The Elite Ayrshire Business Circle

The Elite Ayrshire Business Circle

Thursday, 31 December 2009

Scotland must become the green energy powerhouse of Europe

SCOTLAND needs the power to manage its own natural resources so that it can become the energy powerhouse of Europe, First Minister Alex Salmond says in his New Year message.


Mr Salmond predicted a ‘renewables revolution’ emanating from a Scotland which had won the ‘natural lottery’ - with wind, wave and tidal resources offering the capacity to produce some 10 times Scotland’s own electricity requirements.

The First Minister pointed to the Climate Change Act - setting legally binding targets to cut Scottish greenhouse gas emissions by 42 per cent and 80 per cent by 2020 and 2050 respectively - as the most important legislation passed by the Parliament in 2009, even although world leaders in Copenhagen had failed to commit fully to a way forward.

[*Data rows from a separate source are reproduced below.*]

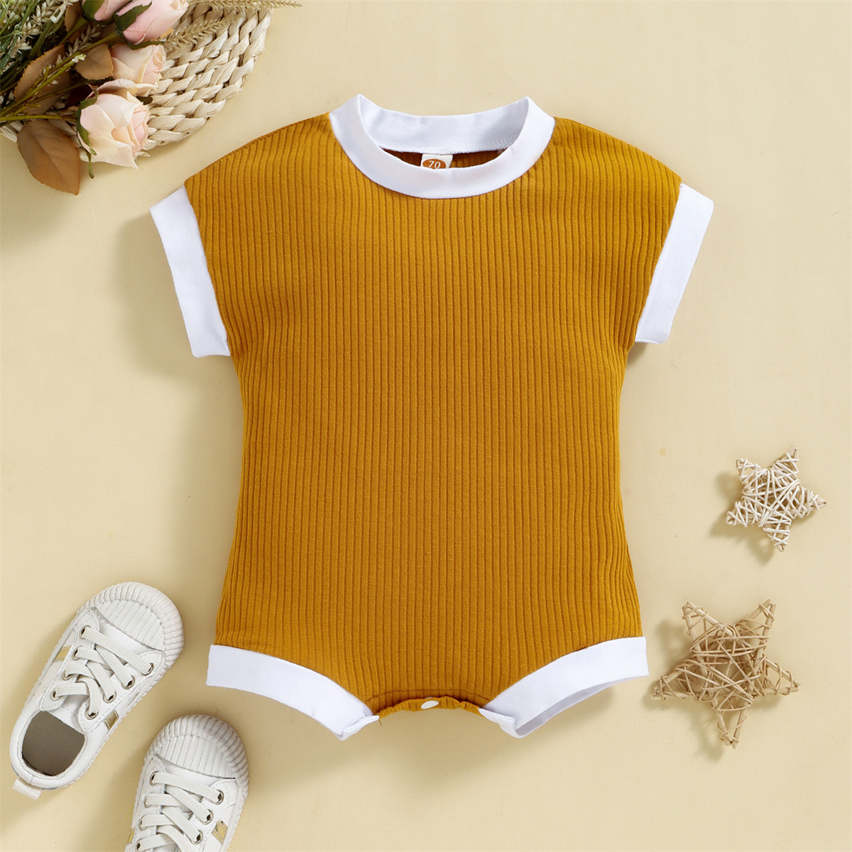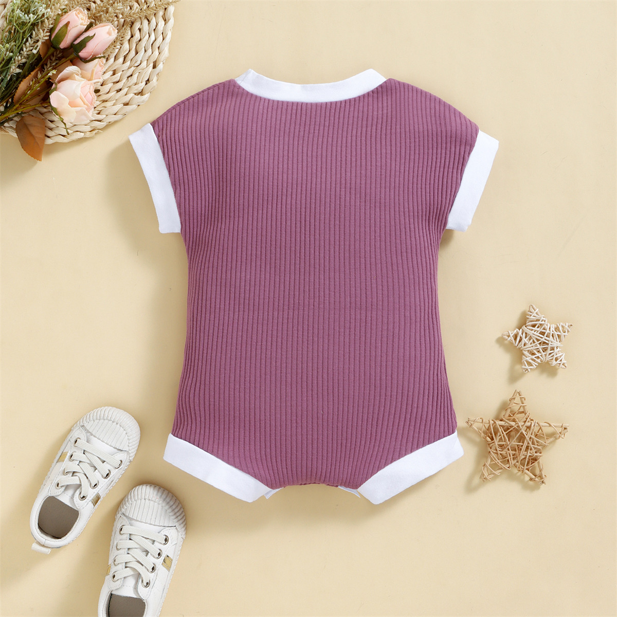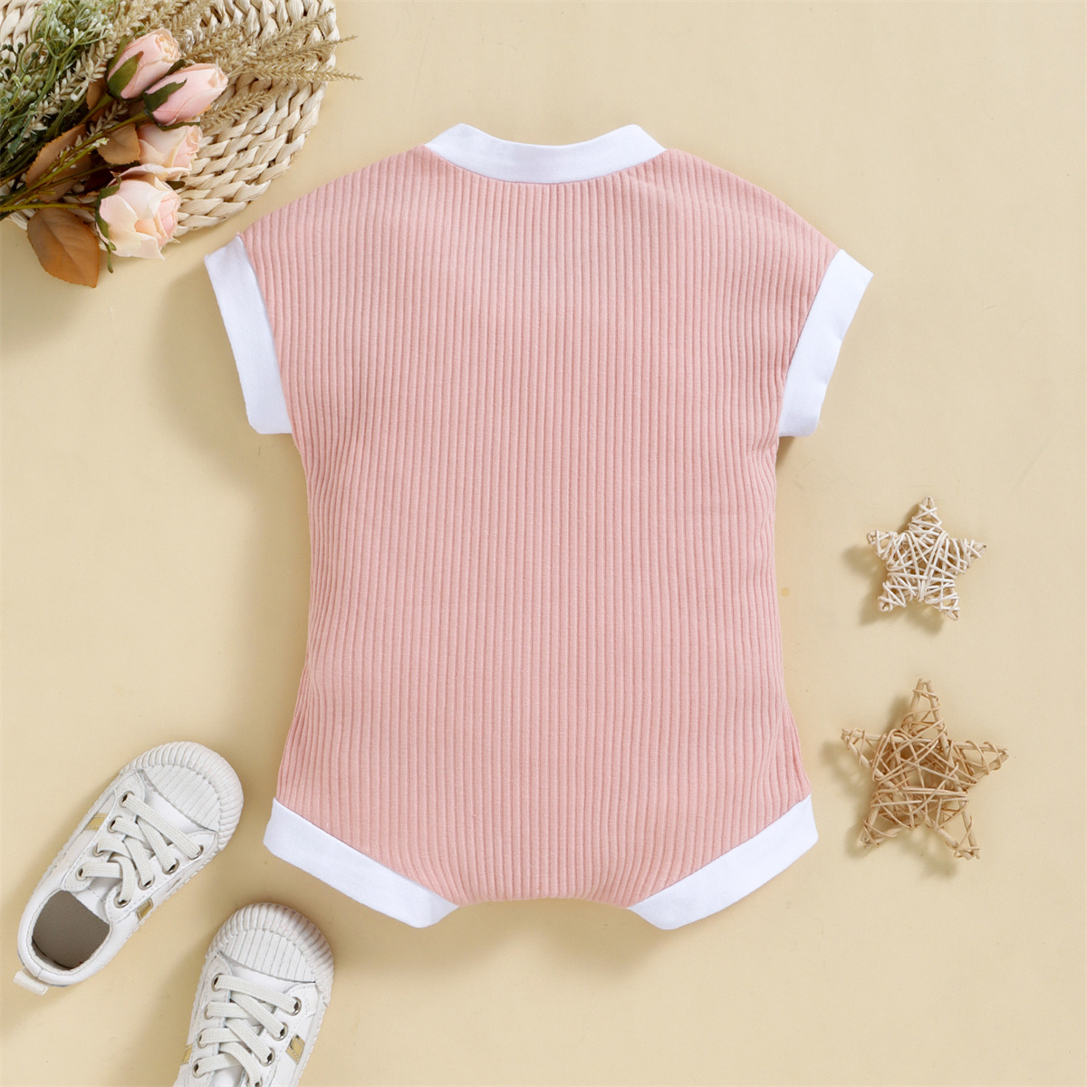 Baby Girl Basic Color-block Round Neck Bodysuit Wholesale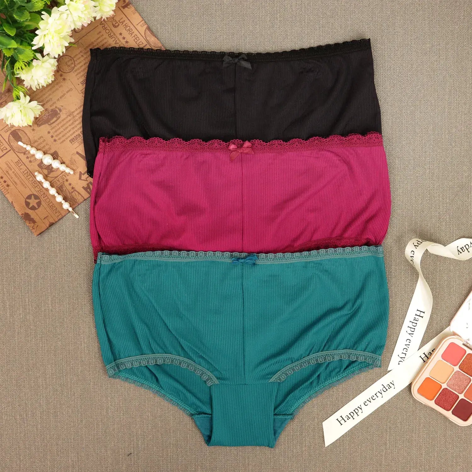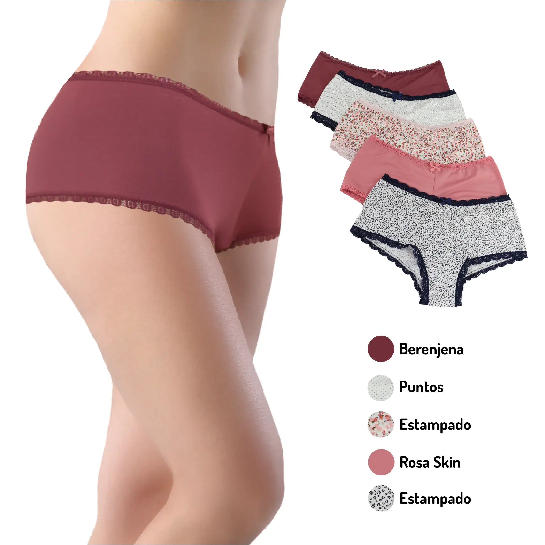 Paquete De 3 Panty Tipo Boxer De Encaje Colores Mod. 21215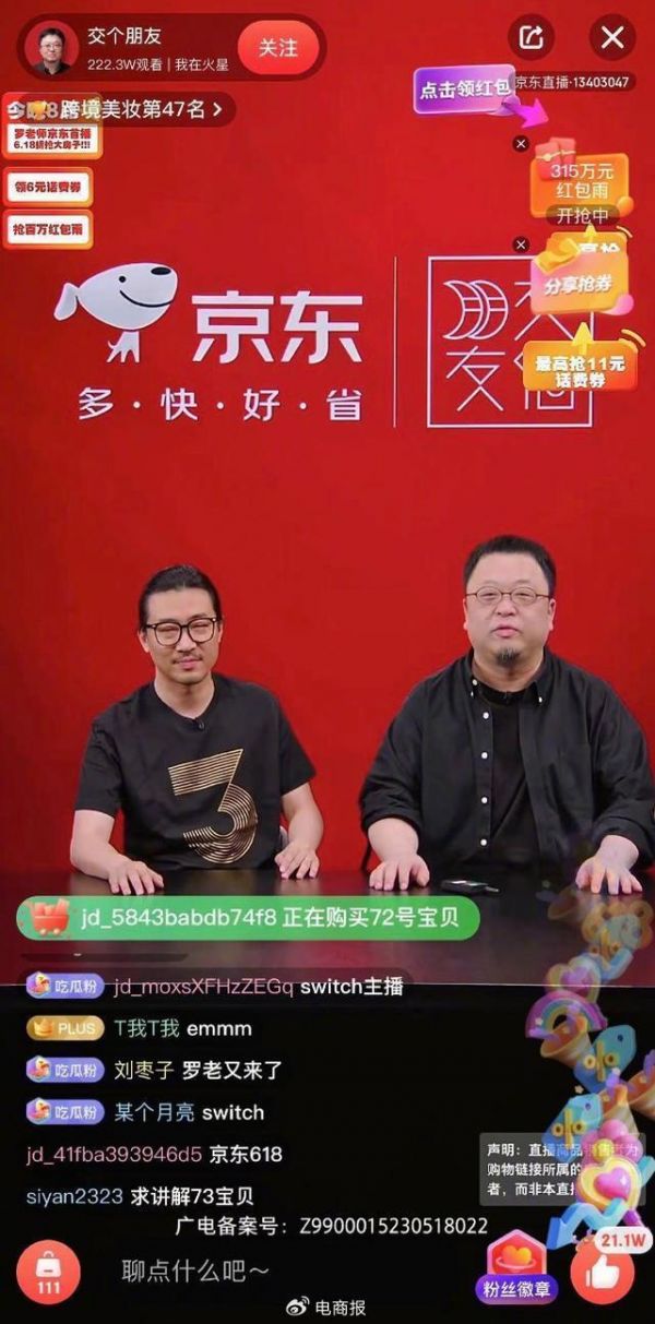 直播方面,去年618罗永浩来到京东开启直播带货,销售数码3C、家电、酒饮等类目的产品,累计销售额突破1.5亿元,观看人次超过1700万。值得一提的是,2022年的双11罗永浩已经“入淘”,不久前也曾在淘宝为阿里云带货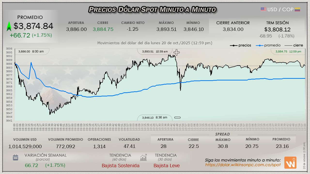 El mercado del dólar SPOT, dió cierre a la jornada del lunes, evidenciando una desaceleración después de un aumento inicial, la tendencia se mantuvo positiva durante la jornada, con un precio promedio de $3,875.55, terminó experimentando un incremento significativo, superando la Tasa Representativa del Mercado (TRM) por un margen de $67.43 pesos, la TRM en cuestión establecida en $3,808.12 para la sesión.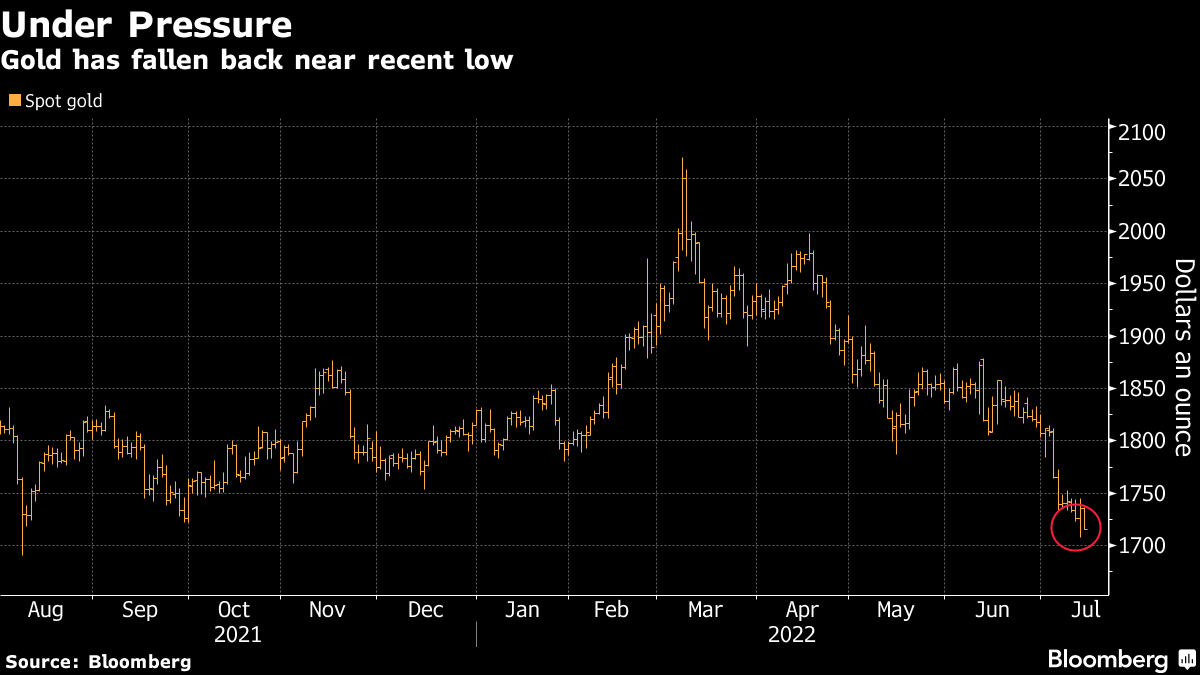 (Bloomberg) -- Gold dropped back toward an 11-month low as investors again turned to the dollar as a haven asset amid expectations for more aggressive US monetary tightening.

“In Copenhagen I spoke about Scotland’s energy potential, our green energy potential, our ambition to be the energy powerhouse of Europe,” he said.

“Many countries saw the lead that Scotland was taking as an example of the legislation and of the action that must be taken to protect our planet collectively. Despite the disappointment of Copenhagen, people power internationally will force political leadership to commit to the ambitious targets for their countries that Scotland has already set."

But the FM added that Scotland must get the benefit of its own resources if it was to become a major exporter and the energy powerhouse of the Europe.

He said: “Even now, we’re being held back in the exploitation of these renewables because we now have to pay in Scotland much higher connection charges to the electricity grid than companies have to pay south of the border. That’s totally unfair and totally unacceptable.

“If we're going to make the most of this renewable revolution, then we’re going to have to have equal access to the grid - and the powers for our Parliament to secure that proper access.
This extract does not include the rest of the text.